**Assignment:**
From the data below, retype exactly the lines starting with the one that contains "International Auditing and" and ending with the one that contains "新华社记者 王丽莉 摄", both included.

**Records for the exercise:**
=== Section Start ===

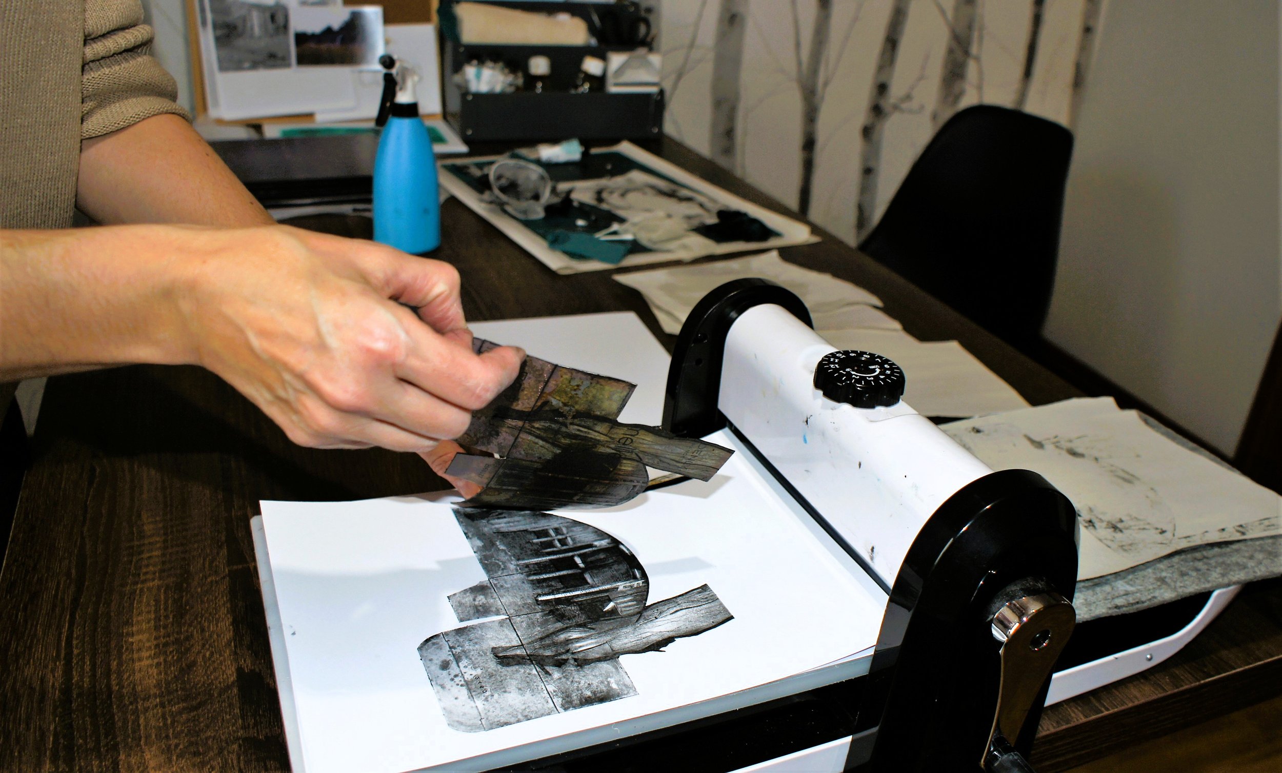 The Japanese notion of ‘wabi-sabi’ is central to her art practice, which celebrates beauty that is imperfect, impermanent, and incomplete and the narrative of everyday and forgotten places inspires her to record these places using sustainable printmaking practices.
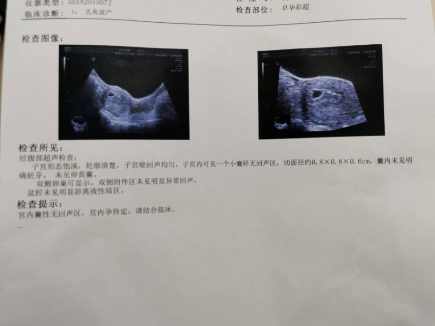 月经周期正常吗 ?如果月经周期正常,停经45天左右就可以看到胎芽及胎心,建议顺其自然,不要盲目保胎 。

=== Section End ===
=== Section Start ===

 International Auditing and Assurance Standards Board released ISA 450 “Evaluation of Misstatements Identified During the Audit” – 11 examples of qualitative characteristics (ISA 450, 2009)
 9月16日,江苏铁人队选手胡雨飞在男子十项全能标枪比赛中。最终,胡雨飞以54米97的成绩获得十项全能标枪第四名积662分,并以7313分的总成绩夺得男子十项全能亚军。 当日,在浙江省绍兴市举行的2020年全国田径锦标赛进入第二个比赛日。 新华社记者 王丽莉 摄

=== Section End ===

**Reply to the task:**
 International Auditing and Assurance Standards Board released ISA 450 “Evaluation of Misstatements Identified During the Audit” – 11 examples of qualitative characteristics (ISA 450, 2009)
 9月16日,江苏铁人队选手胡雨飞在男子十项全能标枪比赛中。最终,胡雨飞以54米97的成绩获得十项全能标枪第四名积662分,并以7313分的总成绩夺得男子十项全能亚军。 当日,在浙江省绍兴市举行的2020年全国田径锦标赛进入第二个比赛日。 新华社记者 王丽莉 摄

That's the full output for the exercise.